I don't know where I am.
I don't know where I'm going.
I'm just moving my feet.
I'm just walking right now.
I can see my breath. Thin exhales of air. There for a moment and then gone.
I do not know this place.
How did I come here?
How do I move on?
I keep walking but nothing I see looks like home anymore.
Been trying to decide if I should tell some friends I've joined the Vox blog army or if I should keep typing into the void hoping some bored surfer reads one of my postings and connects with it.
My wife says there MIGHT people out there in internet land reading this but I doubt it.
Still. . . .
Anyone out there? Anyone? What would you do? Keep the secret or tell the world? Go ahead - comment - Your vote matters - You're probably the only person reading this!
I used to write.
No, really - I did.
There was a time in my life where I did it almost everyday. I'd write in a journal or at the computer. Pen out these little stories. about 150 short play. maybe 10 or 11 long plays. More short scenes then you could shake a stick at. Seven Screenplays. about as many Teleplays. There were a few poems in there. And of course I could always bang out a letter to a friend who was far away. Ok, so I never got around to the great American novel but, then again, that was never my really my thing.
I used to write.
I got PAID to write.
I got published. Go ahead, search then web for my plays, you will find them with at least 4 different publishing companies. I got something on network TV once too. I'd tell you what show it was but the truth is I HATED the experience and the staff writers there butchered the hell out of my little script.
I used to believe writing was part of my DNA.
So what happened?
I sit down at the computer now and I can't even hack out 20 minutes anymore. If I get 3 journal pages done in a week its a banner event. The blank page is still there but I just don't seem to have the time or energy left in me to go and scribble my little words on it.

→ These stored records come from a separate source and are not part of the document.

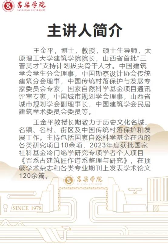 学术讲座 王金平博士、教授《山西传统聚落》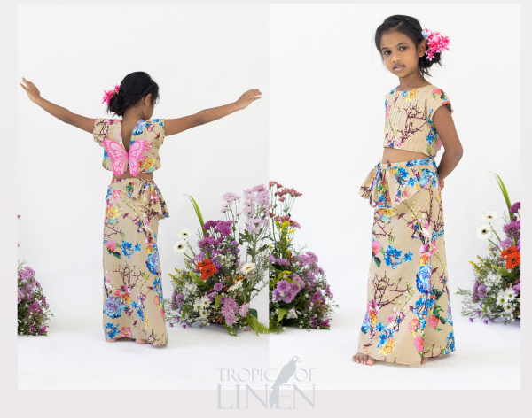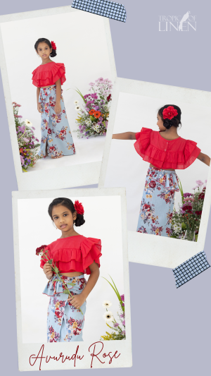 Tropic Of Linen has also crafted a delicate and whimsical outfit filled with old world charm and a more elegant quality -the ‘Avurudu Rose’-, featuring exquisite red roses and flowers on a dreamy soft blue background.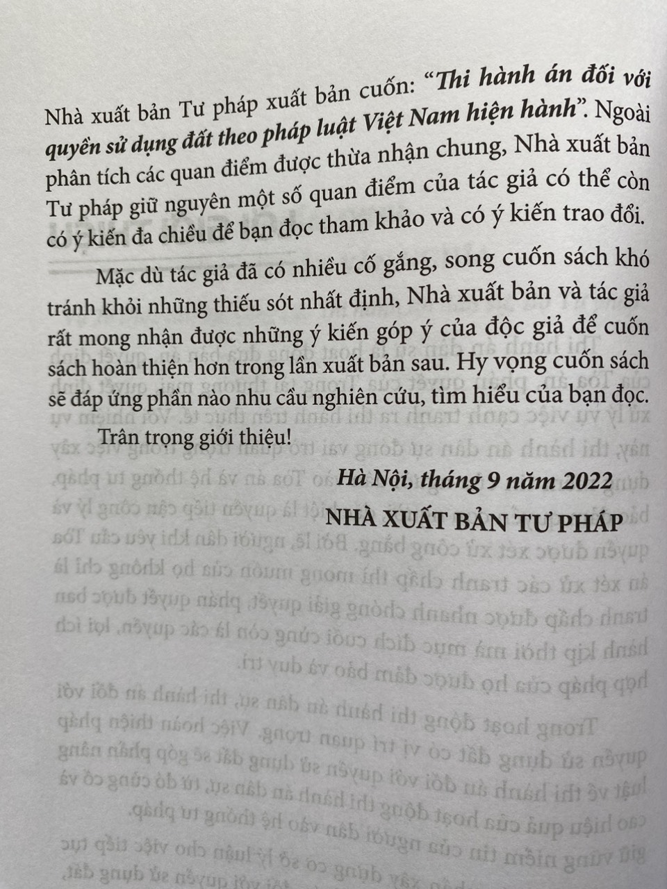 Thi hành án dân sự là hoạt động đưa bản án, quyết định của Tòa án, phán quyết của Trọng tài thương mại, quyết định xử lý vụ việc cạnh tranh ra thi hành trên thực tế. Với nhiệm vụ này, thi hành án dân sự đóng vai trò quan trọng trong việc xây dựng niềm tin của người dân vào Tòa án và hệ thống tư pháp, bảo đảm quyền con người, đặc biệt là quyền tiếp cận công lý và quyền được xét xử công bằng. Bởi lẽ, người dân khi yêu cầu Tòa án xét xử các tranh chấp thì mong muốn của họ không chỉ là tranh chấp được nhanh chóng giải quyết, phán quyết được ban hành kịp thời mà mục đích cuối cùng còn là các quyền, lợi ích hợp pháp của họ được bảo đảm và duy trì. Nhằm góp phần xây dựng cơ sở lý luận cho việc tiếp tục hoàn thiện pháp luật về thi hành án đối với quyền sử dụng đất, Nhà xuất bản Tư pháp xuất bản cuốn: "Thi hành án đối với quyền sử dụng đất theo pháp luật Việt Nam hiện hành". Ngoài phân tích các quan điểm được thừa nhận chung, Nhà xuất bản Tư pháp giữ nguyên một số quan điểm của tác giả có thể còn có ý kiến đa chiều để bạn đọc tham khảo và có ý kiến trao đổi.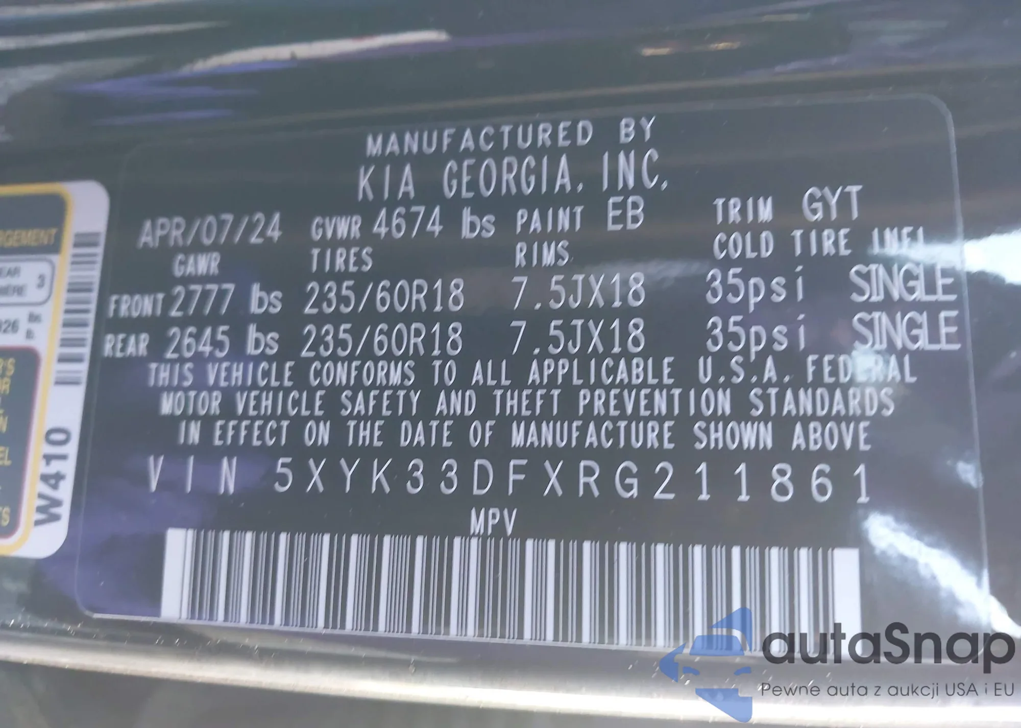 • VIN 5J8YD8H87RL000901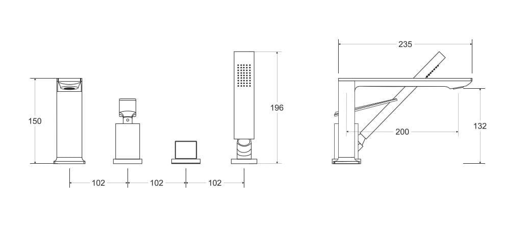 Bateria wannowa Besco Aspira 4-otworowa czarny matt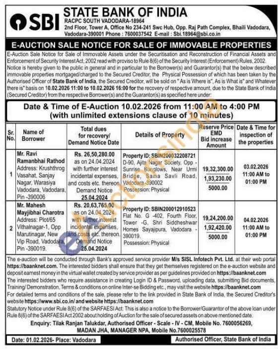 Flat No. G -402, Fourth Floor, Tower G. Shri Siddheshwar Homes Sayajipura, Vadodara Property ID: SBIN200012910523 390019. Possession: Physical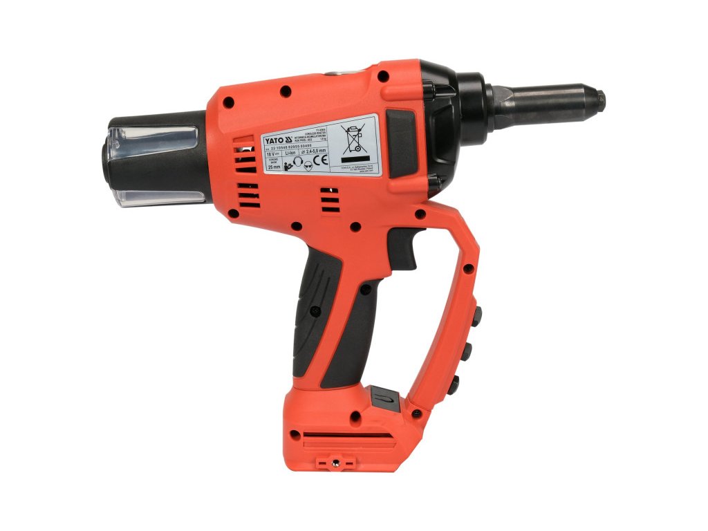 A szegecselő gépet a Yato 18V rendszerű akkumulátorok hajtják (külön eladó), amelyek közös platformot biztosítanak számos eszköz számára, mint például az ütvecsavarozók, SDS+ kalapácsfúrók, sarokcsiszolók, stb.

In fact, that blankness just kinda scares the crap out of me! It makes me wish for a remote control and a the toasty warm vapidness of a Sienfeld episode to disappear into.
Now, while I'm frackin' mired in this long dry creative creative desert, my buddy (who is something of a TV Sci-Fi cult idle) has asked me to put together some pitches for him to take to the Sci-Fi channel next month and I can even seem to get going.
I'm looking for a clue here. How do I turn the damn light back on?